Saturday 16th August 2014
quotequote all
Breadvan72 said:

Would you still object to s172 being used in the case of someone who drove at 140 mph and ran someone over? By what principle can we determine that that would be OK but in a case of, say, 40 in a 30 s172 wouldn't be OK?

For those who want lots of traffic police out there patrolling and using discretion, good idea, but who is going to pay for this?
Thanks for the reference.

The speed is irrelevant to the principle, unless your comment is an appeal to lawmaking and/or enforcement based on expediency with emotion trumping reason? Somebody in a fatal at 140, that sounds like a polac.

Your other comment assumes more police are needed. There are enough police overseeing the roads, they just need better leadership.

Speed is a relatively minor issue in road safety terms, particularly for drivers aged 25 and over. 2% of road accidents are caused by this group - which is more likely to consist of experienced drivers - exceeding the posted speed limit. For that high-risk group of inexperienced drivers 17-19 it rises to 8%. That leaves between 98% and 92% of accidents with causes that need greater attention. There needs to be a massive shift of emphasis away from speed and speed limits. The above figures are from a DfT report to the House of Commons Select Committee on Transport, based on analysis of a statistically significant 147,509 accidents.

In a similar study which corroborates the above findings, exceeding a speed limit was attributed to 3% of cars involved in an accident, while travelling too fast for the conditions was attributed to 6%. For fatal accidents these figures were 10% and 13% respectively. Nearly 90% of car fatacs aren't caused by exceeding a limit. This is from DfT evidence submitted to the HoC Select Committee on Transport.

Ignoring the fact that speed limits are set nowadays for political correctness and poetic reasons rather than safety reasons (twenty is plenty etc) regardless of posturing to the contrary (get hold of speed limit reduction consultation responses and see how often police objected) the current approach involving automated blanket enforcement of limits is failing everyone.

Speed limits whether set wisely or foolishly are good for two things, one is to help police to remove dangerous drivers from the roads where excess speed is involved, which will often be within the posted limit. At the moment, everyone swallowing the speedophobic safety totalitarian mantra will consider travelling within the speed limit to be safe, which is nonsense.

Secondly, if they were not already in disrepute, speed limits could warn drivers of a hazard that even a reasonably competent driver might not be able to anticipate but should allow for. As things stand we have automated blanket enforcement of a technicality in a manner distanced from safety, including via the absolute offence nature of exceeding a limit.

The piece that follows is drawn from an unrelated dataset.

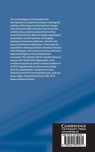 The accelerating pace of international law developments in multiple fora present a challenge for studying, influencing, and predicting these changes. This volume assembles essays from notable jurists, academics, and practitioners from around the world who offer new insights regarding the jurisprudence of world trade law, the changing landscape of investment arbitration, and other vital topics in international adjudication. These essays are assembled in celebration of Justice Florentino Feliciano of The Philippines, who continues to be one of the most inspirational figures in the international law community. This collection will be of special interest to analysts of the World Trade Organization as the contributors include six current or former members of the WTO Appellate Body, as well as several leading trade law commentators. Among the key issues discussed are the WTO environmental cases, trade and human rights, and potential reforms of the WTO dispute system.
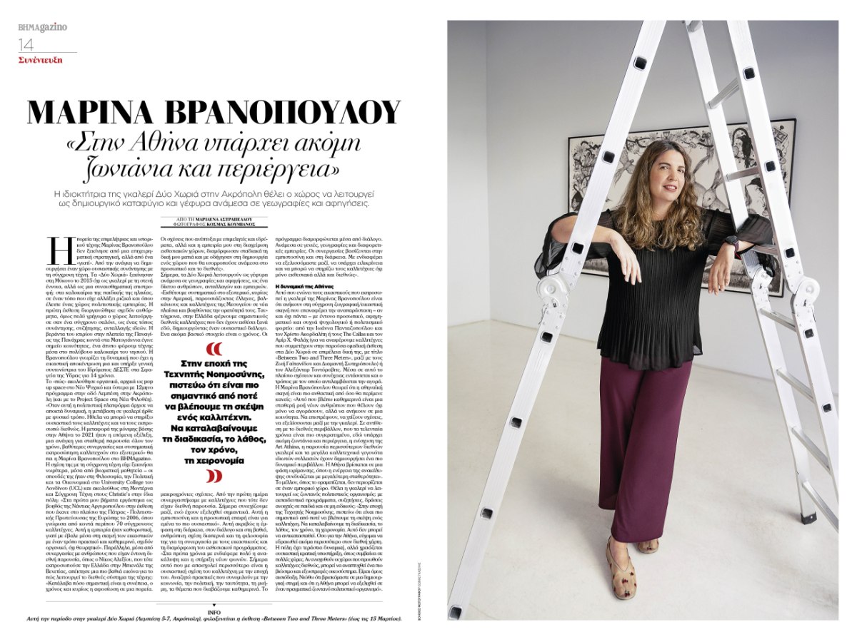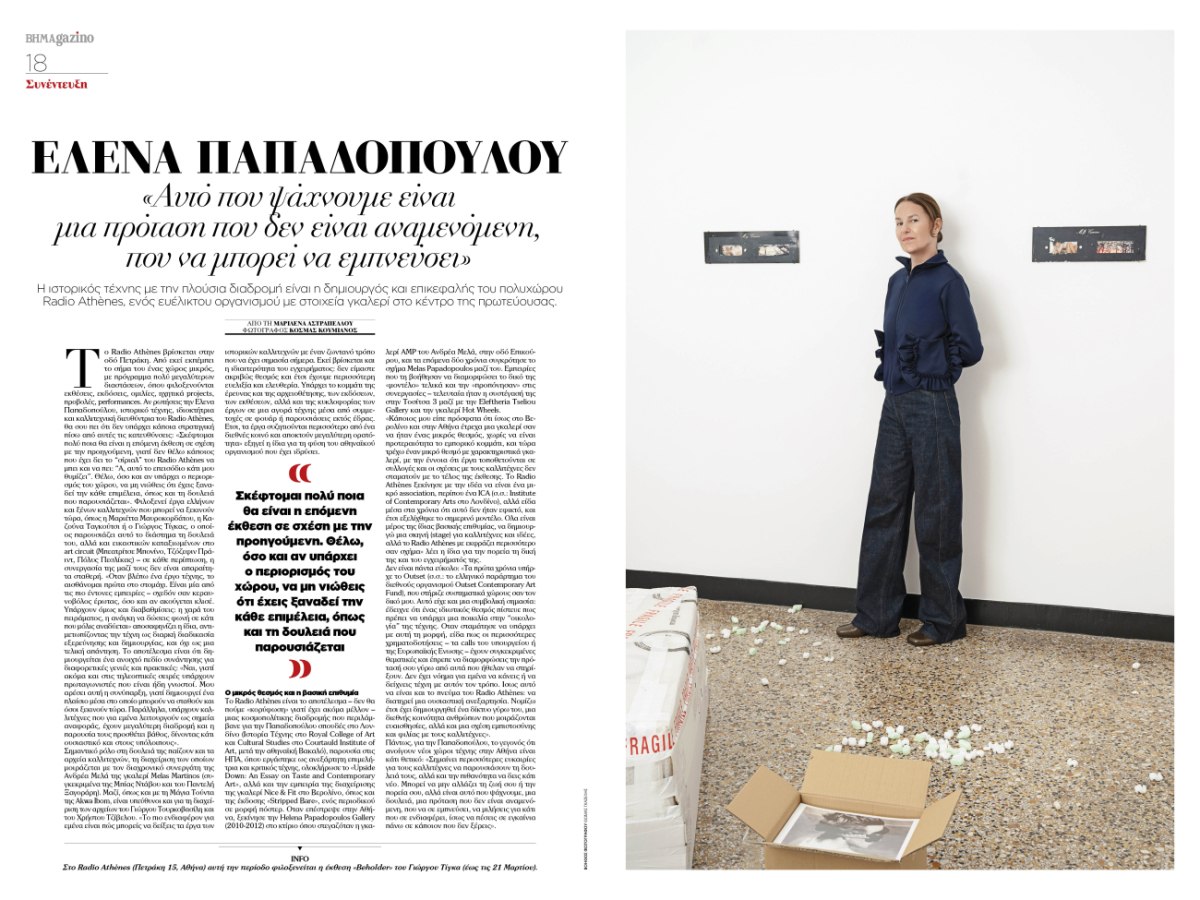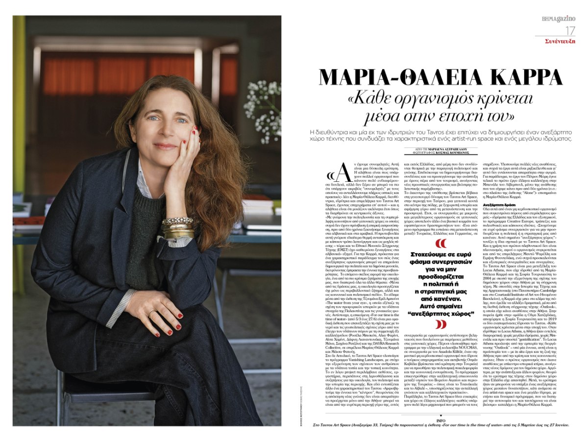 Στον χώρο της σύγχρονης τέχνης, η Μαρία-Θάλεια Καρρά, συνιδρύτρια και διευθύντρια του Tavros, έχει δημιουργήσει έναν ανεξάρτητο οργανισμό που ισορροπεί ανάμεσα σε artist-run space και μεγάλο ίδρυμα. Η Μαρίνα Βρανοπούλου, από τη γκαλερί Δύο Χωριά, οραματίζεται έναν χώρο-καταφύγιο και γέφυρα ανάμεσα σε γεωγραφίες και αφηγήσεις. Και η Έλενα Παπαδοπούλου, δημιουργός του Radio Athènes, επανασυστήνει την έννοια του ευέλικτου πολιτιστικού οργανισμού στο κέντρο της πόλης.

What they are not useful for is criminalising safe behaviour on a technicality. Those who take the trouble to examine and understand the data know this, and they get support from others who understand the primcples of natural justice.

On expediency:
Robert McNamara said:
Measure what is important, don't make important what you can measure.
On automated enforcement:
Paul Garvin when Chief Constable of Durham Constabulary said:
The speed cameras issue is not a point of principle, it is a fact that they are pointless.
On the disproportionate approach:
Paul Stephenson when Chief Constable of Lancashire Constabulary said:
There is a perception that people who commit criminal offences and who, quite properly and according to guidelines, get a caution, get an easier ride than those who speed at the lower end. Whilst clearly the comparison is not a helpful one, I do nevertheless have some very real sympathy for this perception. Any criminal justice system to be effective has to be seen to be fair. It just cannot be right when people feel that our response within that system is disproportionate.
Taking all of the above into account, there's no fundamental reason why an offence involving exceeding a speed limit should be allowed to include forced self-incrimination or confession in its prosecution. A better route would be to capture evidence of identity as the offence is committed, and better still, ignore propaganda from emoting zealots and focus on more important things that kill and injure the vast majority of people via accidents on the roads.

Deadly Dog

281 posts

268 months

Saturday 16th August 2014
quotequote all
turbobloke said:
Taking all of the above into account, there's no fundamental reason why an offence involving exceeding a speed limit should be allowed to include forced self-incrimination or confession in its prosecution. A better route would be to capture evidence of identity as the offence is committed, and better still, ignore propaganda from emoting zealots and focus on more important things that kill and injure the vast majority of people via accidents on the roads.
The decision on the ruling in the O'Halloran/Francis case was not unanimous. One of the dissenting judges offered these words of wisdom:

ECHR Judge said:
In my opinion, if there are so many breaches of a prohibition, it clearly means that something is wrong with the prohibition. It means that the prohibition does not reflect a pressing social need, given that so many people choose to breach it even under the threat of criminal prosecution. And if this is the case, maybe the time has come to review speed limits and to set limits that would more correctly reflect peoples' needs. We cannot force people in the twenty-first century to ride bicycles or start jogging instead of enjoying the advantages which our civilisation brings. Equally, it is difficult for me to accept the argument that hundreds of thousands of speeding motorists are wrong and only the government is right. Moreover, the government is free to breach the fundamental rights of hundreds of thousands of its citizens in the field of speed regulations. In my view, the saying “the ends justify the means” is clearly not applicable to the present situation.

Red Devil

13,060 posts

209 months

Sunday 17th August 2014
quotequote all
ECHR dissenting Judge Pavlovschi said:
It is perfectly obvious that for an individual to state that he was the driver of a car which was speeding illegally is tantamount to a confession that he was in breach of the speed regulations.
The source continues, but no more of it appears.